93-year-old Jim Martin yesterday successfully parachuted into Normandy wearing all the same equipment he wore 70 years ago when he jumped as part of the preliminary bridgehead seizing operations leading up to the D-Day Normandy Invasion.

Click2Houston:

“I’m feeling fine,” Martin told reporters moments after landing in a French field. “… It was wonderful, absolutely wonderful.”

Martin was part of the U.S. 101st Airborne Division that parachuted down over Utah Beach in their bid to retake France and, eventually, the rest of Europe from Nazi Germany. They actually touched down in enemy-controlled territory a night before what’s referred to as D-Day.

His jump Thursday in the same area was different and — despite his being 93 years old now — a whole lot easier.

“It didn’t (compare),” Martin said, “because there wasn’t anybody shooting at me today.” …

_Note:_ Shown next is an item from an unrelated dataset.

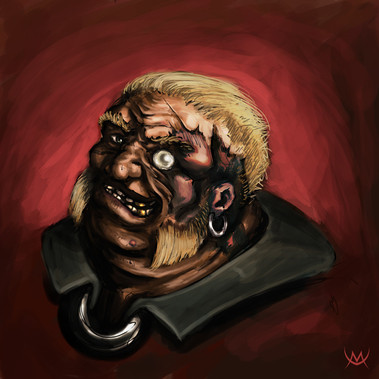 I love the way it looks like he had his face partly cut off and then someone tried to flick together whatever was left and it healed over time. I just love the way this guy looks and honestly think he'd make any 2-dimensional character shoved into him 10 times more interesting and truly shine with a fully fledged story. Great job.

Seven decades later, Martin did it again — not fighting a bloody war but at least reliving his role in a military campaign that changed the course of history. Others joined him in this now daytime jump, though he was the only one from his generation.

This time, he said that he wasn’t scared because, “once you get in the plane, you forget everything.” Bored would be more like it.

As he told reporters afterward, “To tell you the truth, riding around in the plane is boring. It’s when you get off the plane, that’s when it gets exciting … But there’s no fear to it. It’s just something you do.”

Martin admitted that he was motivated by “a little bit of ego, (to show that) I’m 93 and I can still do it.”